M2 student position for 2025
M2 internship to study mRNA degradation
A position to study the biochemistry and molecular biology of RNA degradation in the pathogenic yeast Cryptococcus neoformans is available starting January 2025. Compared to Saccharomyces cerevisiae, a fantastic model for understanding mRNA degradation, C. neoformans retained splicing-related proteins, such as those composing the core exon-exon junction complex (EJC). Moreover, unlike in budding yeast, the presence of introns is an absolute requirement for gene expression. Finally, recent technical developments allow genetic manipulations of cryptococcal strains that was not possible until now.

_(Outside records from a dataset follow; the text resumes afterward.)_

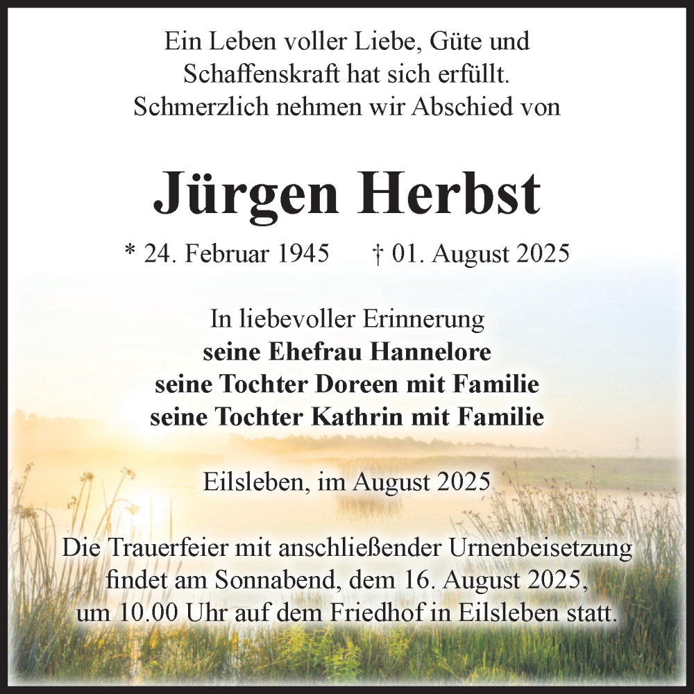 Hier finden Sie alle Traueranzeigen aus der Zeitung, die bisher für Jürgen Herbst erschienen sind. Weitere Traueranzeigen, die in der Zeitung erscheinen, werden hier ebenfalls aufgelistet
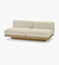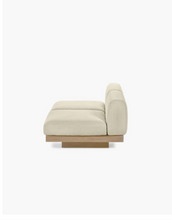 The two-seater from the Rudolph outdoor couch collection by Vincent Van Duysen combines texture, warmth, and tactility. With an aluminum frame covered in solid oak and custom-made Belgian fabrics available in neutral colors, this two-seater offers both comfort and simplicity. Pair it with the one- and three-seaters, as well as the ottoman, for an organic and super comfortable luxury outdoor sofa setup. Protective covers for the outdoor furniture are also available and highly recommended for rainy days.
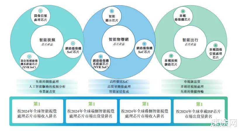 三大产品线构筑护城河:端侧芯片出货量全球第一,车载ISP市占率领先富瀚微的核心竞争力源于“智能视频+物联网+出行”三大产品线。据弗若斯特沙利文数据,2024年公司端侧智能视觉芯片出货量全球第一,车载ISP芯片出货量同样登顶,安防领域的网络摄像机SoC芯片市占率达21.3%。
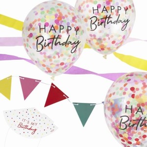 1 x vlaječkovou girlandu, 1 x párty papírový klobouček, 3 x konfetové balónky, 3 x krepové role.
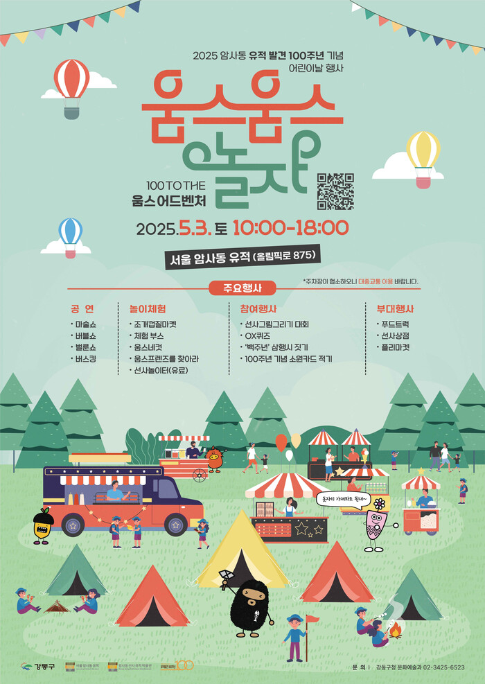 [시민일보 = 이대우 기자] 서울 강동구(구청장 이수희)가 암사동 유적 발견 100주년과 어린이날을 기념해 오는 5월3일, 온 가족이 함께 즐기는 ‘100 TO THE 움스 어드벤처’ 행사를 개최한다.
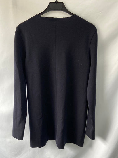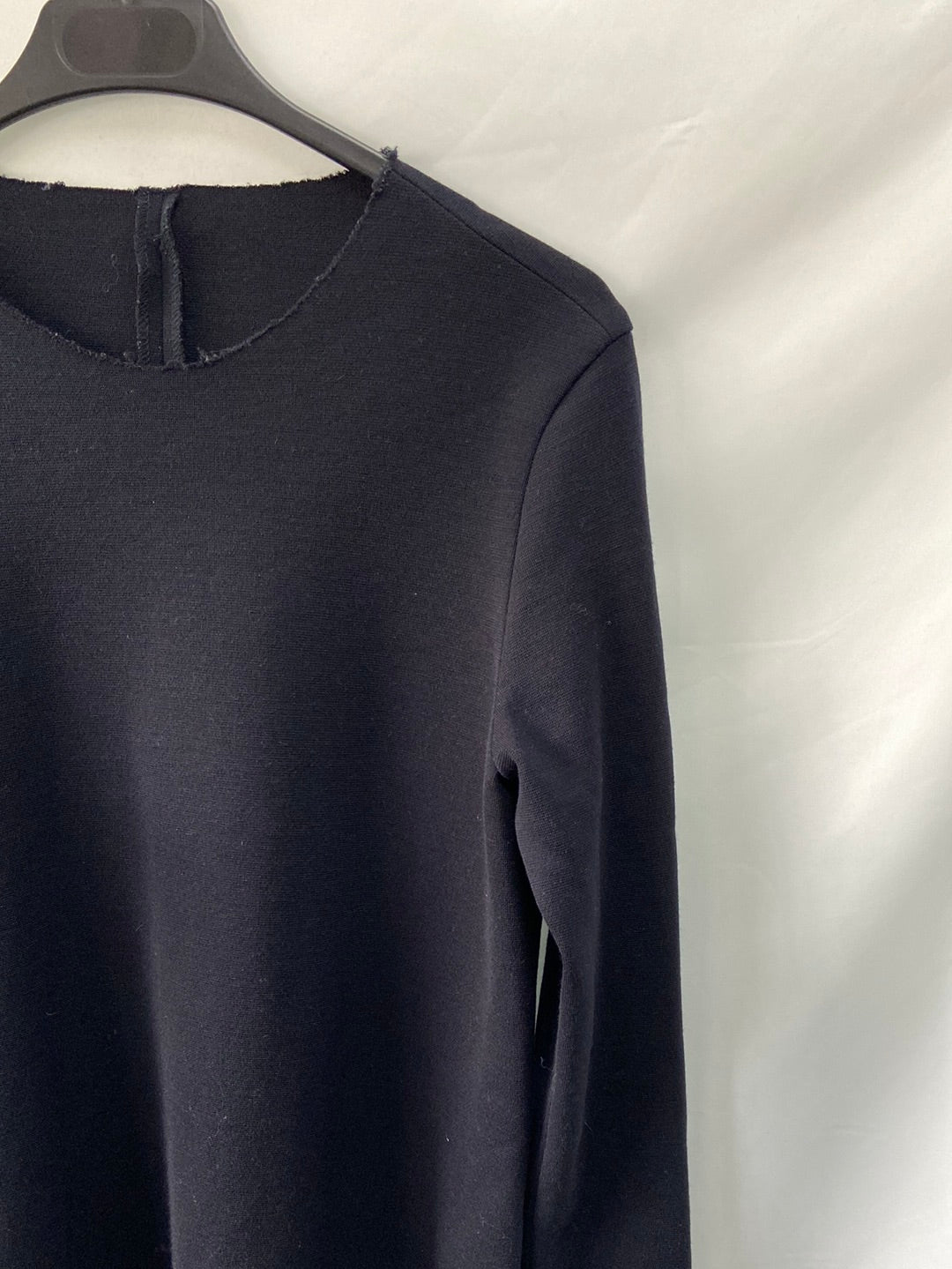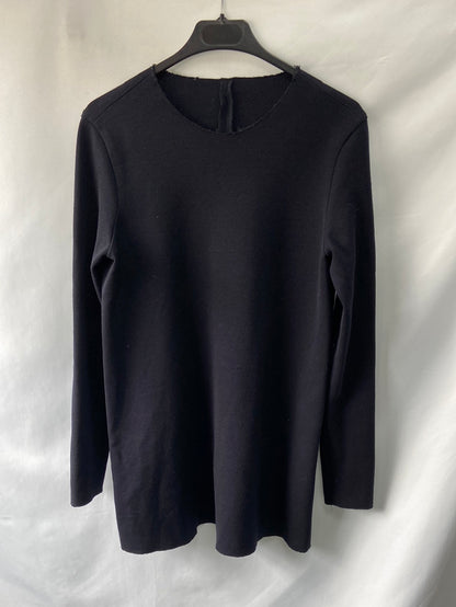 Vestido azul marino de tejido elástico. Cuello, mangas y parte de abajo sin costuras. Largo 77 cm ( era una s).
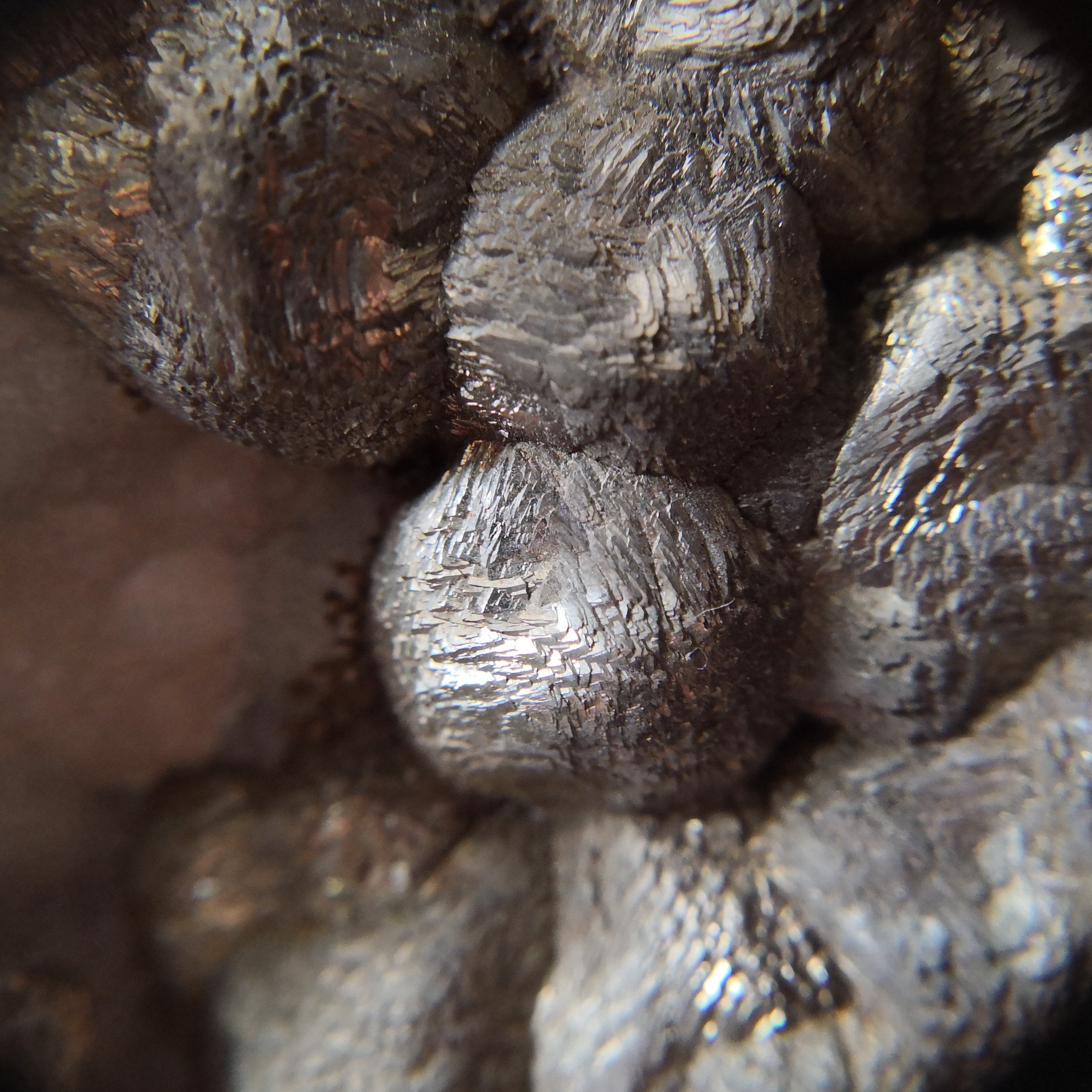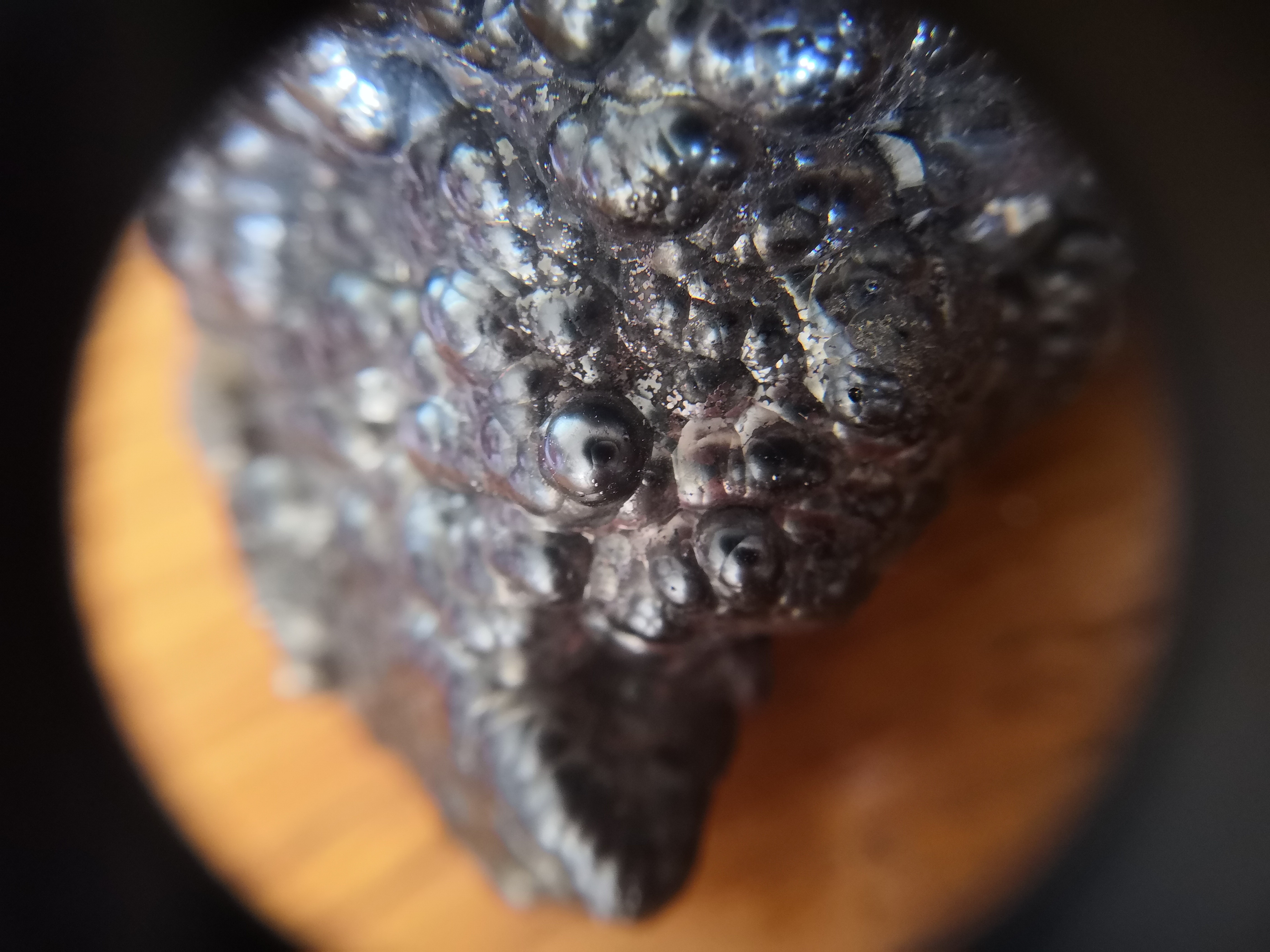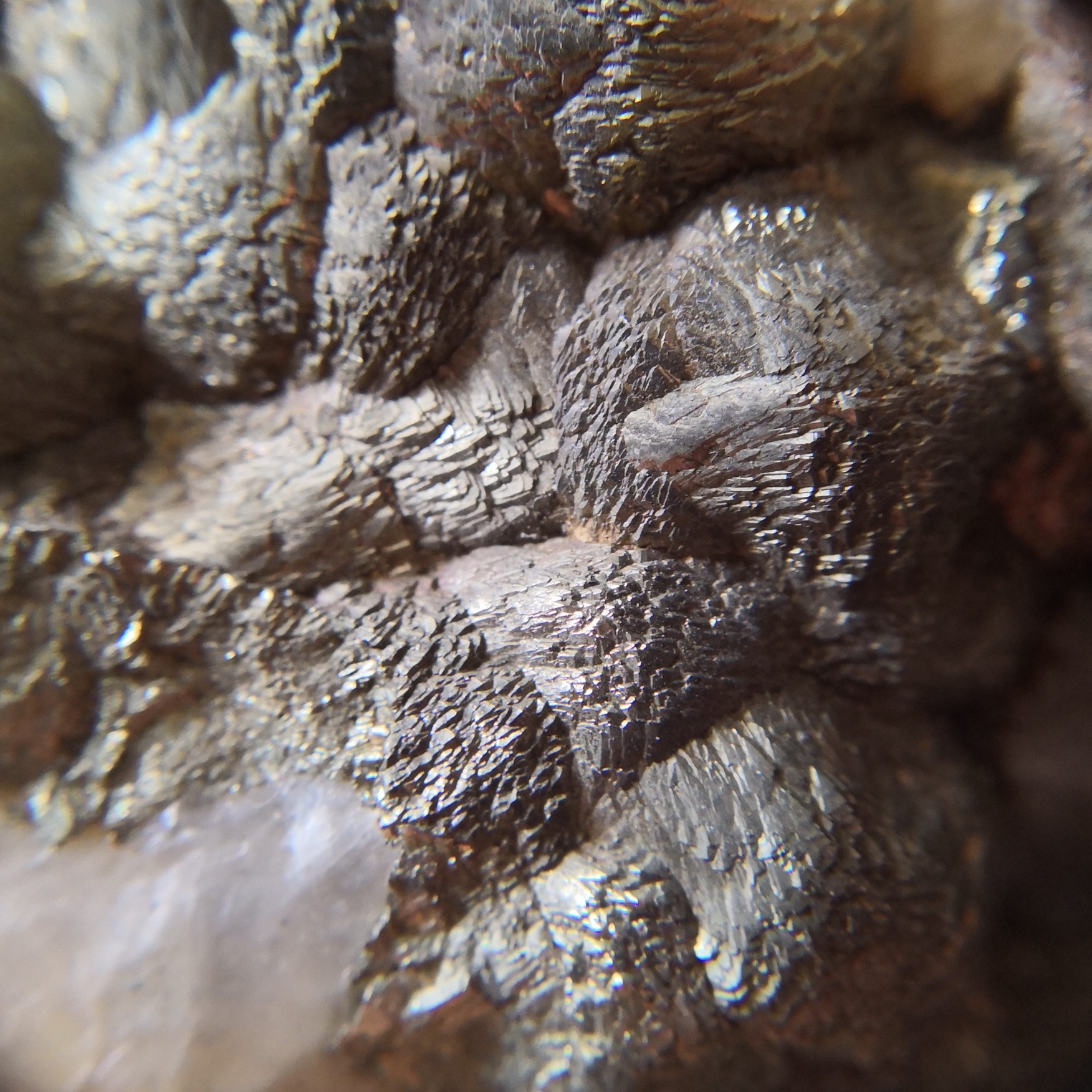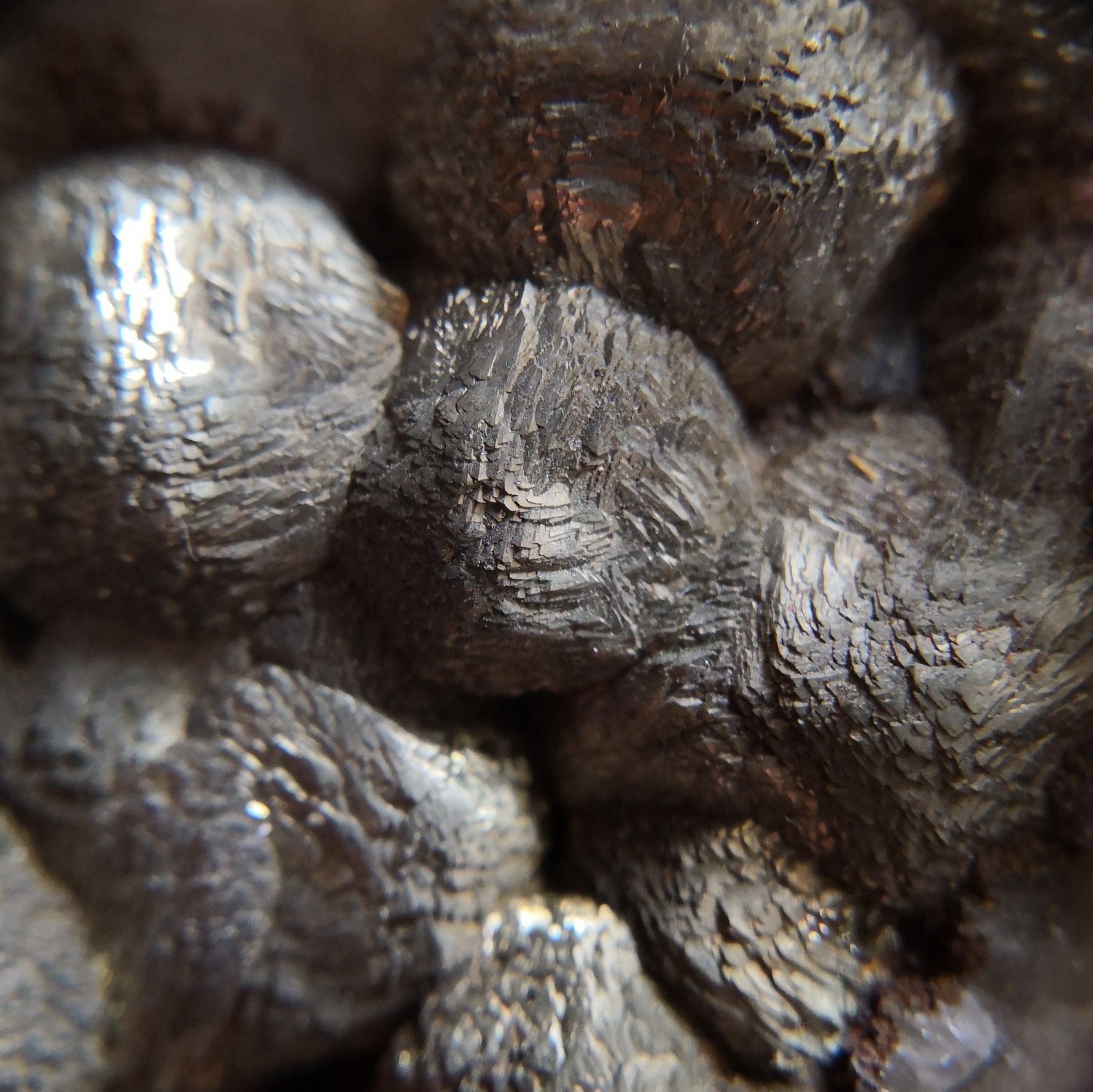 Je me permet d'en rajouter 3 autres. Elles etaient accompagnées de ces étiquettes : Voici la première, que je suppose être la pièce anglaise, mais qui me semble plutôt être une hématite botryoïdale (une qu'on peut trouver dans le Cumberland), non seulement par son aspect mais aussi parce qu'elle raye le verre (donc dureté supérieure à une goethite. Néanmoins j'aimerais bien avoir votre avis. Voici les deux pièces suivantes, qui me semblent effectivement être des goethites. La première : (dureté environ 5 cette fois) Et la dernière, assez particulière car irisée, accompagnée de calcite, et formant de fines concretions (pas de test de dureté cette fois). Photos difficiles à prendre avec mon équipement rudimentaire. (L'irisation est peut etre due à la goethite elle même ou à un voile de cristaux de pyrite, mais sans ma binoculaire, impossible de distinguer des cristaux cubiques ou autre, en tout cas rien de visible à la loupe x10) Merci d'avance pour vos suggestions ! -
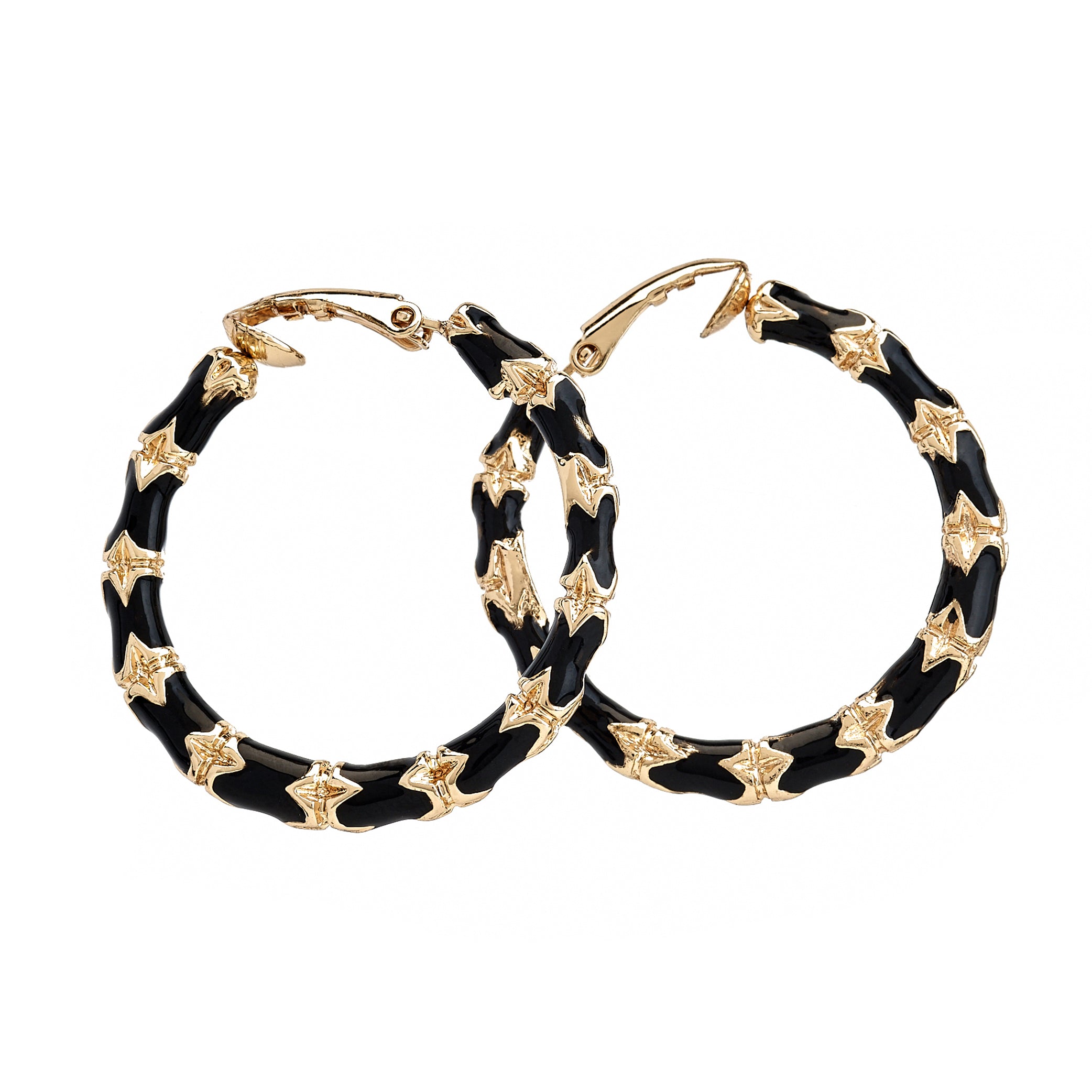 Compact and chic, these small gold and black enamel bamboo hoop clip-on earrings add a sleek, modern edge to any look.

Outline of the project and its context
Title: Coordination of nuclear and cytoplasmic RNA quality control in Cryptococcus neoformans
Description: Nonsense-mediated mRNA decay (NMD) is a major degradation pathway that ensure a robust transcriptome and protects eukaryotic cells from viral infection. Our previous work in yeast, Saccharomyces cerevisiae, using large-scale genetics (Decourty et al., Nucl Acids Res, 2021) and interaction proteomics (Dehecq et al., EMBOJ, 2018) identified protein-protein interactions that are important for NMD and conserved from yeast to humans. This work also led to new hypotheses about fundamental mechanisms of RNA degradation (Audebert et al., bioRxiv 2023, in revision). We propose to use the distant pathogenic fungus, Cryptococcus neoformans, a Basidiomycete of major publich health importance, to investigate mechanisms of NMD that have been lost in S. cerevisiae. In particular, the exon junction complex (EJC) has been proposed to be essential to trigger NMD. Preliminary results on the role of this complex in C. neoformans indicated its importance in the use of correct RNA splicing signals, in conjuction with NMD degradation of aberrant splicing variants. We propose to investigate EJC and NMD complexes and their function in this organism and perform a comparative functional analysis with data from yeast to decipher molecular mechanisms of mRNA degradation that are either specific to branches of eukaryotic evolution or are universally conserved. These investigations will involve affinity purification of RNA-protein complexes, quantitative mass-spectrometry and RNA sequencing. Knowledge of these mechanisms can be useful in understanding the pathogeny of fungal infections, in developing new therapeutic strategies and in better understanding the molecular biology of gene expression in living cells.